Aunque es verdad que la confesión constituye una acción en sí misma completa, cumplida en nombre de Cristo y practicada en la comunidad tantas veces como sea necesaria, sin embargo, tiene como objetivo especial preparar a la comunidad de los creyentes para participar en la santa cena. Reconciliados con Dios y con los hombres, los cristianos están en disposición de recibir el cuerpo y la sangre de Jesucristo. Jesús exige que nadie se acerque al altar sin estar reconciliado con sus hermanos.

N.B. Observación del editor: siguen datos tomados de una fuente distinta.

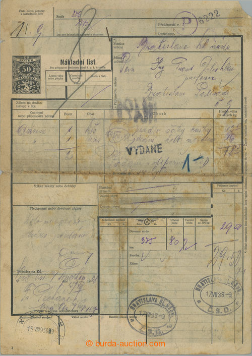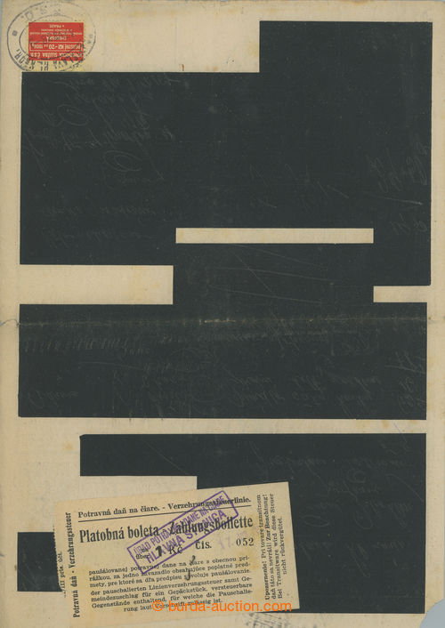 Philately. BOLETA / Platebni bollette - Zahlungsbolete 1CZK, slovensko-nemecka variety bollette/-s, pripevnena kancelarskou sponkou on reverse Nakladniho sheet with imprinted stamp 50h, sent from Nova Ves above P. to Bratislava;
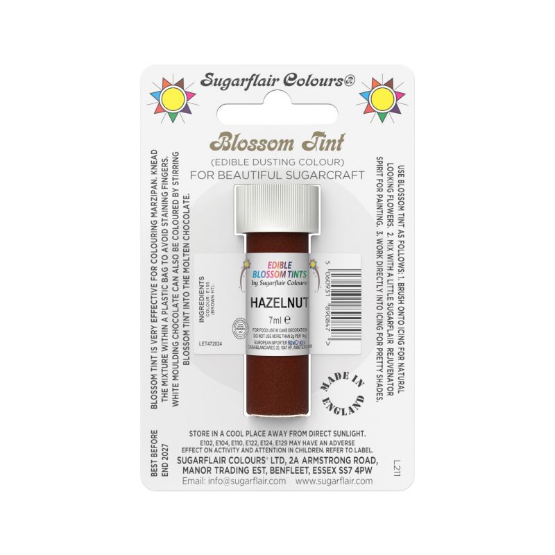 Essbare Staubfarbe Haselnuss. Verpackung 7 ml.
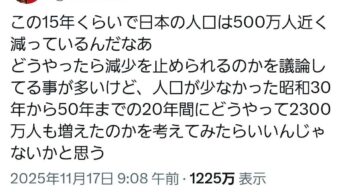 芸スポ 『この15年で日本の人口は500万人減』 武井壮「減少よりも増えた理由考えてみたら」人口減巡る私見ポスト SNSで大激論

Esta exigencia, que es válida para la oración y el culto en general, urge con mayor razón para el sacramento. El día que precede a la santa cena, los miembros de la comunidad cristiana harán bien en reunirse para pedirse mutuamente perdón de los propios pecados. Si se rechaza este reencuentro con los hermanos es imposible acercarse a la mesa del Señor en las disposiciones espirituales necesarias. Para recibir juntos la gracia de Dios por medio del sacramento es necesario que los creyentes hayan destruido todo fermento de cólera, celos, maledicencia y hostilidad que haya entre ellos. Aunque pedir perdón a un hermano no significa que haya que hacer ahora una confesión, y Jesús formalmente no exige más, sin embargo la preparación para la santa cena podrá despertar en el creyente la necesidad de adquirir una certeza total sobre el perdón de ciertos pecados concretos que le angustian y le atormentan, y que sólo Dios conoce. En este caso, se nos recuerda que Dios nos ofrece la posibilidad de confesarnos con alguno de nuestros hermanos, y de recibir su absolución.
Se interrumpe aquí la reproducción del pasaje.